What will it take for generations alive today to become better ancestors, asks writer and campaigner Jonathon Porritt. Tackling the climate crisis, of course, but changing how we live our lives and prioritising the future is also vital.
Running out of time
The vast majority of parents would hope that they’re doing everything they can to ensure that their children will inherit a better world. Unfortunately, the vast majority of parents (in the rich world, at least) are doing exactly the opposite: leading lives which directly or indirectly undermine the prospects for all future generations.
Forgive me if that sounds judgemental. But I’ve spent the last decade listening to ever-more apocalyptic warnings from scientists that we’re rapidly running out of time to reverse the damage done to the natural world and to the climate. Yet nothing much seems to change. The fine words flow. Policies shift gently in the right direction. But emissions of greenhouse gases continue to rise, year on year, and the natural world always comes out the loser in our pursuit of further economic growth.
The latest warning to that effect came on July 12th from Sir James Bevan, Chief Executive of the Environment Agency here in the UK. Pointing to a new ‘Silent Spring’, he reminded sceptics that ‘this biodiversity crisis is a crisis because it won’t just kill plants and animals – it will kill us too. No Nature, no food…. No Nature, no us.’)
Mark Carney, former Governor of the Bank of England, refers to all this as the ‘Tragedy of the Horizon’. The catastrophic impacts of climate change and biodiversity collapse will be felt beyond the traditional horizons of most of today’s actors (be they politicians, business leaders or asset managers), imposing massive costs on future generations today that we have little incentive to prevent.

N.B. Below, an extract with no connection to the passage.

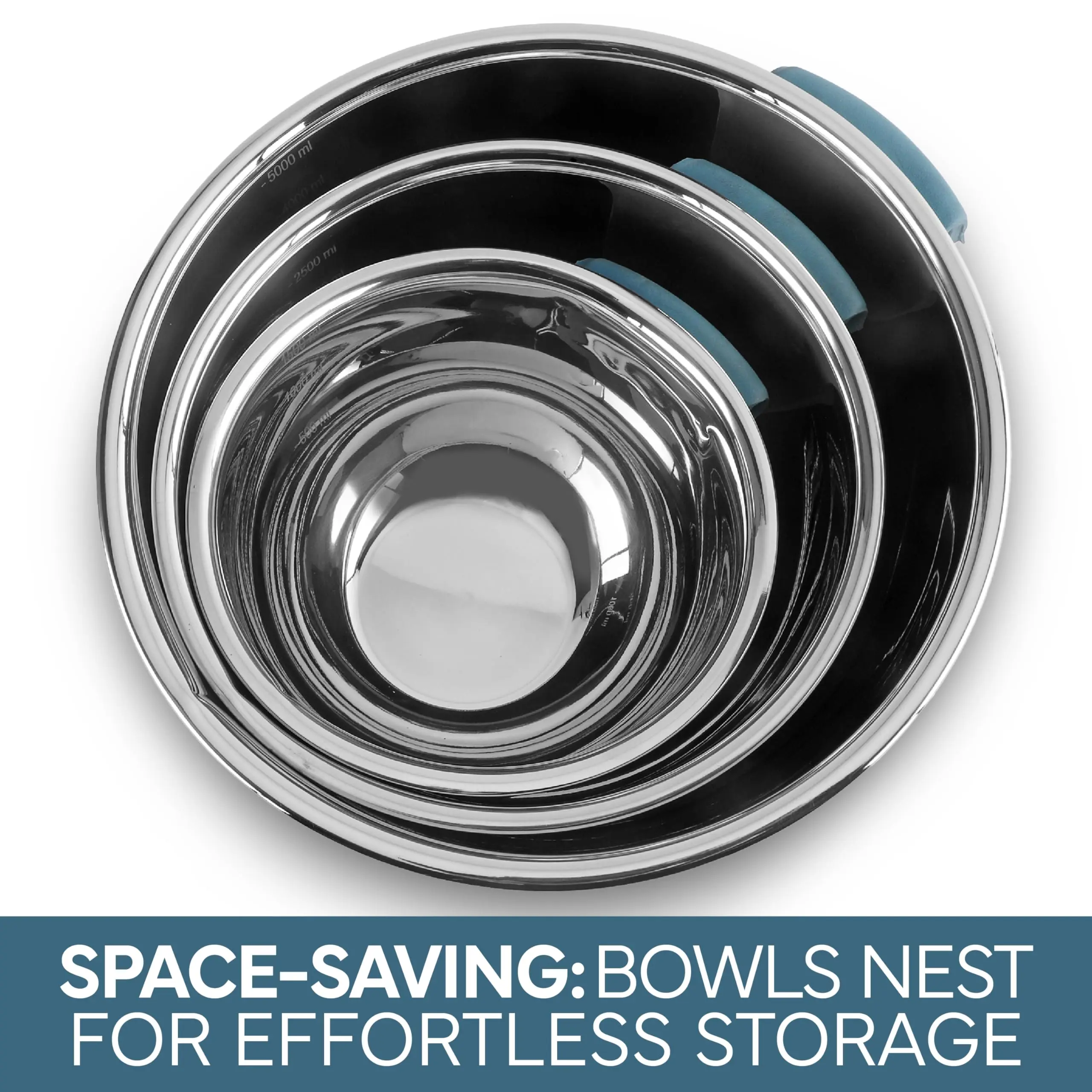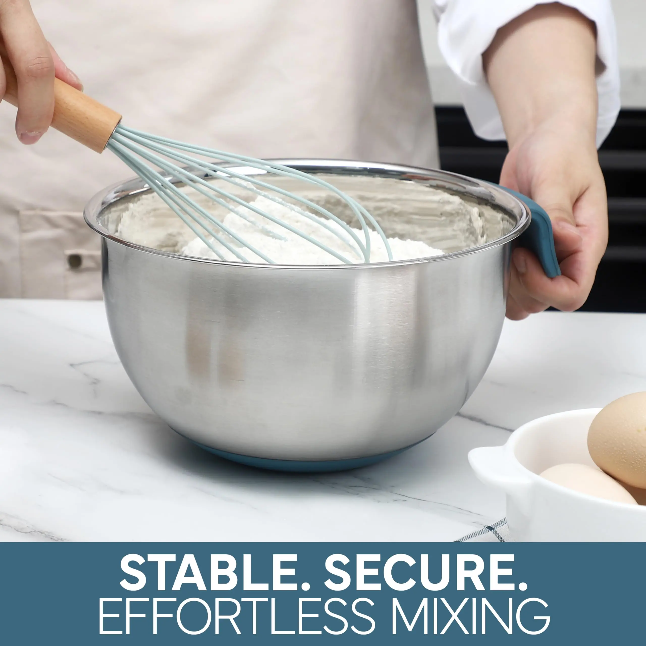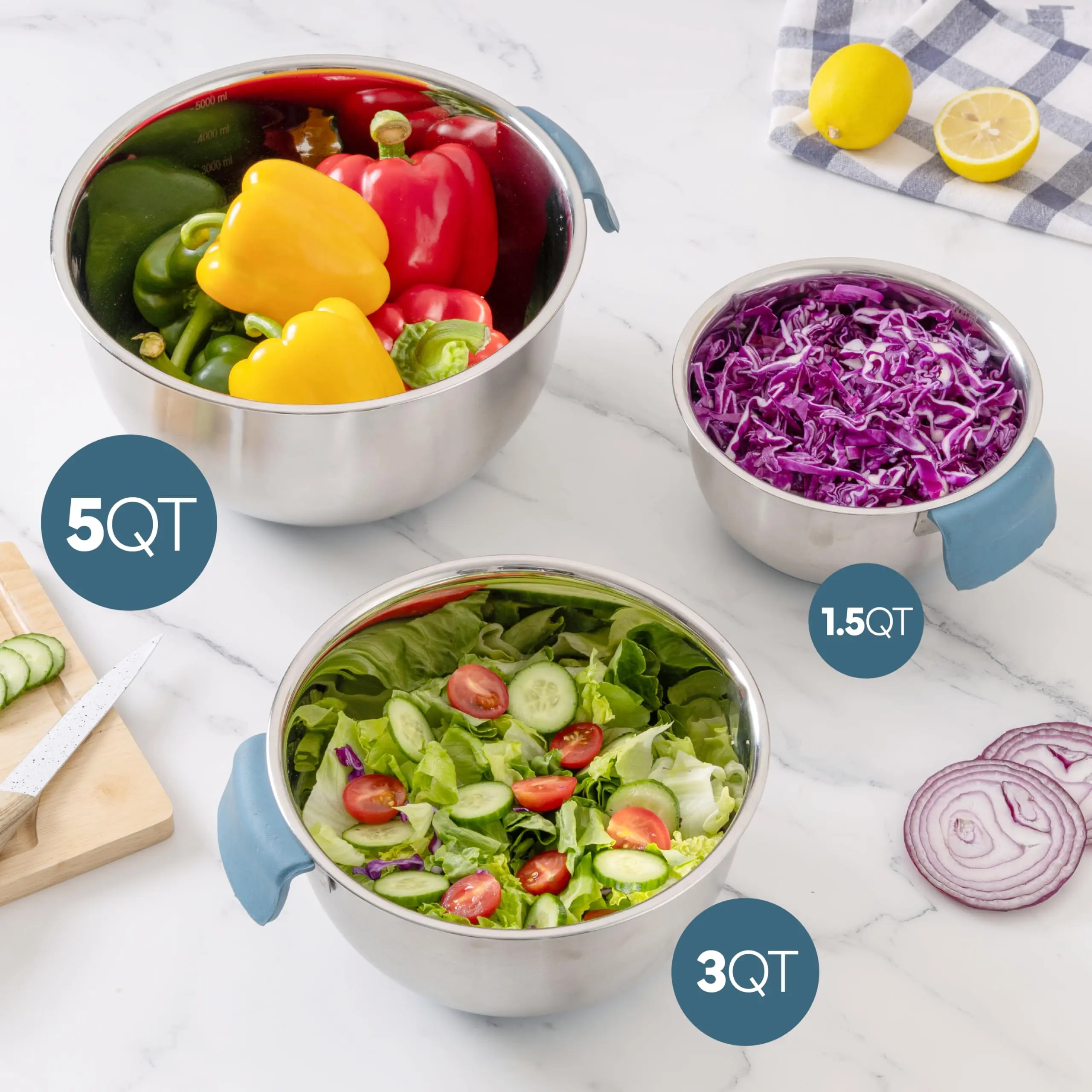 ·Non-Slip Bottoms: Each bowl in this set is equipped with a non-slip base, ensuring stability and preventing accidental spills or slips during mixing or food preparation.

So what will it take for us to become ‘better ancestors’?
For a start, we need to approach these crises through the eyes of young people today. When the Intergovernmental Panel on Climate Change (IPCC) tells us categorically that we are now on course for an average sea level rise of at least one metre by 2100, possibly two metres, that may not mean much to adults who’ll be dead long before then. But many teenagers today will still be alive in 2100, possibly with their own children and grandchildren, experiencing first hand the devastating impacts of rising waters – happening as a direct result of the warming from our emissions of greenhouse gases, still rising year on year.
Secondly, we have to get better at electing politicians that are up for dealing with these complex generational issues with integrity, not just empty blather. There aren’t that many encouraging signs of this at the moment, but I was immensely cheered to read about the new Constitution being put forward in Chile after last year’s election of Gabriel Boric as President – at the age of just 35. Its third Chapter covers Chile’s ‘natural commons’ (water, air, forest, oceans etc), to be rigorously protected for present and future generations, with far stricter controls on economic development – and particularly on mining operations. Inspired by Chile’s indigenous people, the new Constitution also establishes an independent body to protect the legal rights of Nature.

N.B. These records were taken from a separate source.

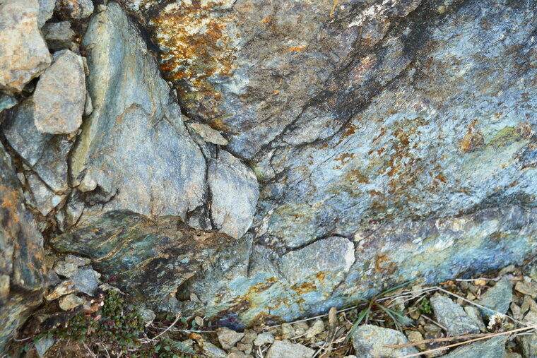 Au nord de l’Ardèche, un petit affleurement de serpentinite est visible près du hameau d’Eteize. La serpentinite est issue des péridotites du manteau dont l’olivine a été altérée par altération/métamorphisme en serpentine. Si en général la partie mantellique de la lithosphère n’affleure pas en surface, parfois au cours de la fermeture d’espaces océaniques, des morceaux de lithosphère océaniques (dont des parties mantelliques)peuvent être arrachés et charriés en surface. C’est un petit morceau du manteau lithosphérique qui apparait ici avec ses roches de serpentinite.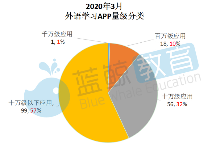 下面,我们选取易观千帆数据中心上174个活跃外语学习APP作为考察主体,按照用户规模,分别以1000万、100万、10万为界限做量级分类,得到的结果如下图所示: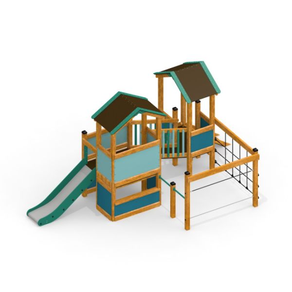 La Tower Nature n'est pas une simple maisonnette; c'est un paysage d'activités multiples. Elle offre deux tours ombragées, une trappe en bois, une échelle, un filet d'escalade, un mur d'escalade et un toboggan. Un pont, servant de corridor de rires et d'histoires, relie harmonieusement les deux tours. Les hauteurs des plateformes ont été minutieusement conçues à 55 cm et 90 cm, s'adaptant à différents groupes d'âge et assurant que les enfants ont toujours un point de vue pour observer.

Next, we all have to recognise the moral dimension of these dilemmas. In essence, tomorrow’s generations will be paying off our debts. The costs of adapting to a nature-depleted, still warming world will be massive.
Finally, this moral imperative must now inform all decisions we take about which technologies to deploy to accelerate the decarbonisation of our economies. For instance, you may hear more and more people talking about a technology called Direct Air Capture, sucking CO2 back out of the atmosphere to help stabilise concentrations of CO2. This is crazy stuff. At the moment, it costs around $750 to remove one tonne of CO2 using Direct Air Capture. Even its most manic evangelists acknowledge that this price tag is unlikely to fall much below $250 over the next 20 years. That’s the bill young people will be paying in 20 years’ time ($250 for every tonne of CO2 removed), compared with the far, far lower sums required for us to stop the CO2 being put up there in the first place!
No nuclear option
That disregard for the future is also what sickens me when I hear some environmentalists talking up the benefits of nuclear power – without ever mentioning the massive costs associated with managing nuclear waste and decommissioning nuclear reactors decades into the future.
At the last count (according to the Nuclear Decommissioning Authority), a minimum of £130bn will be required to decommission the UK’s old Magnox reactors.
Then you have to add on at least another £50bn to decommission the seven AGRs now coming to the end of their generating life. And then at least another £50-£75bn to construct the Geological Disposal Facility required to deal with the most long-lived nuclear waste. Let’s round that up to a minimum of £250bn – which tomorrow’s taxpayers will be liable for even though they will have benefitted very little from the electricity generated by those reactors.
A matter of time
At the moment, pretty much everything we do (or don’t do) in the face of today’s converging crises makes us very bad ancestors indeed.
How much longer do you think young people will be prepared to put up with that?